Bewitching Beloved
Thin love ain't no love at all," says Sethe, the fiercely defiant runaway slave in Toni Morrison's Beloved. Oprah Winfrey's love for the book was thick, warm, abiding. With eyewitness immediacy and the God's-eye view of fictive art, Morrison brought the intimate evil of slavery to life in the story of a mother's ultimate sacrifice. When Winfrey discovered the novel upon its publication in 1987, she was moved as a reader, as an African American, as a woman who suffered the death of the child she gave birth to when she was 14; for Oprah, Beloved was a central fable of her race and sex. She knew she had to produce a movie version, though she was new at that job. And though she had appeared in only two films at the time, she meant to cast herself in the lead role. "I think I can play Sethe," she told Morrison. "And if I can't, I'll learn how."
What Oprah wants, Oprah gets. She has, after all, earned an Oscar nomination for her first movie part, in Steven Spielberg's The Color Purple. For more than a decade she has dominated the afternoon airwaves with her syndicated talk show. She is among the nation's most admired and influential people. Now, 11 years after first reading the Morrison novel, here she is as the producer of what she told screenwriter Richard LaGravenese would be "my Schindler's List": a pristine, potent distillation of Beloved, which opens Oct. 16. And there she is onscreen as Sethe. Or rather--and here's a sweet jolt--there is Sethe onscreen, with Oprah living, hiding inside her.
Winfrey is barely recognizable, not because she uses putty or prostheses but because she has deglamourized herself and renounced the oozing empathy of her TV stardom. "As soon as I saw her I smiled to myself," Morrison says, "because I did not think of the brand name. She looked like Sethe. She inhabited the role."
Under the bold, sensitive direction of Jonathan Demme, Winfrey's Sethe is a creature as stern as she is strong--as much oak as flesh and blood. She moves with the heaviness of someone dragging large and fatal memories behind her like a full steamer trunk. She is, as the book puts it, "iron-eyed"; her gaze is an Old Testament judgment, her love a demon that can crush those it enfolds. The actress and the character share intelligence and passion, but in many particulars Sethe is the anti-Oprah. If Sethe were a talk-show host, she would stare down her guests and say, "You think you've had troubles..."
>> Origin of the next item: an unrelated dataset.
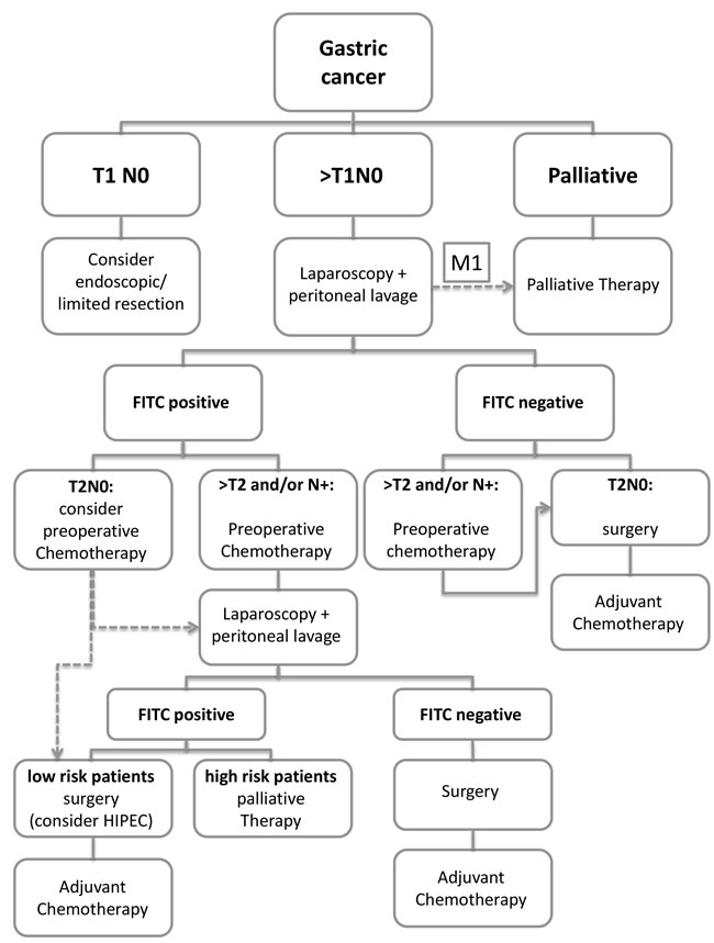 There is indeed increasing effort to identify patients with gastrointestinal malignancies and peritoneal metastases who benefit from intensified therapies such as HIPEC [84-86]. At present, these efforts mainly focus on patients with overt peritoneal metastases and showed promising results for colorectal cancer [87, 88]. The findings were much more modest for gastric cancer patients with overt peritoneal metastasis [89, 90] and may be explained by limitations to achieve complete cytoreduction [91]. These data suggest FITC positive gastric cancer without further distant metastasis as a promising subgroup of patients who might benefit from HIPEC. The first randomized controlled study to examine the benefit of extensive intraoperative peritoneal lavage followed by intraperitoneal chemotherapy in FITC positive gastric cancer showed promising results [92]. Further randomized controlled trials have already been initiated (ClinicalTrials.gov; NCT01683864). The results may redefine the treatment of FITC positive gastric cancer.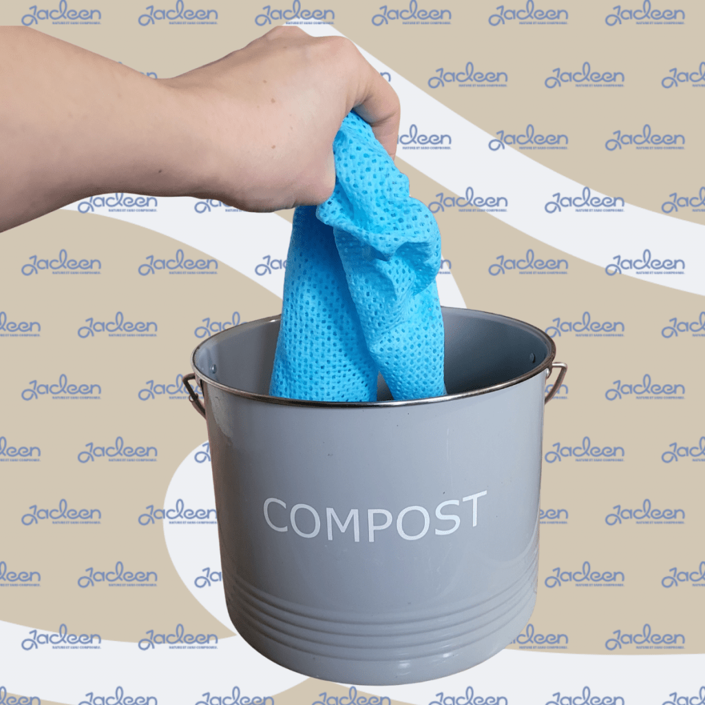 À l’inverse, la lavette Jacleen est 100 % végétale et pensée pour les usages professionnels quotidiens.   Elle offre une excellente prise en main, une forte capacité d’absorption (jusqu’à 9 fois son poids), un faible peluchage et une structure alvéolée limitant la prolifération bactérienne. Lavable en machine jusqu’à 30 cycles à 60 °C, elle divise significativement son impact par usage.  L’avantage environnemental se prolonge jusqu’à la fin de vie. Certifiée OK Home Compost, la lavette Jacleen se décompose en 120 jours dans un compost domestique.   Sa fabrication nécessite peu d’énergie, avec une eau majoritairement recyclée, et sa valorisation finale par compostage ou méthanisation génère très peu d’émissions.  Fabriquée en France, traçable et certifiée, Jacleen s’impose comme la première lavette professionnelle réutilisable, compostable et performante.   Elle permet de concilier hygiène professionnelle, maîtrise des budgets et réduction tangible de l’impact environnemental.

Now imagine how Jerry Springer would herald her performance: Oprah makes love with a naked Danny Glover! Oprah squats and urinates! Oprah as Sethe: Victim or murderer? The story is based on the true case of Margaret Garner, a renegade slave who tried to kill her children rather than allow them to be returned to the plantation from which she had escaped. In the novel, Sethe is pursued by the spirit of the one child, Beloved, who died at her hand. But the film is really about the things we do for love, about the fatal consequences of moral strength, about the need to hold on to what we've given up for lost or dead.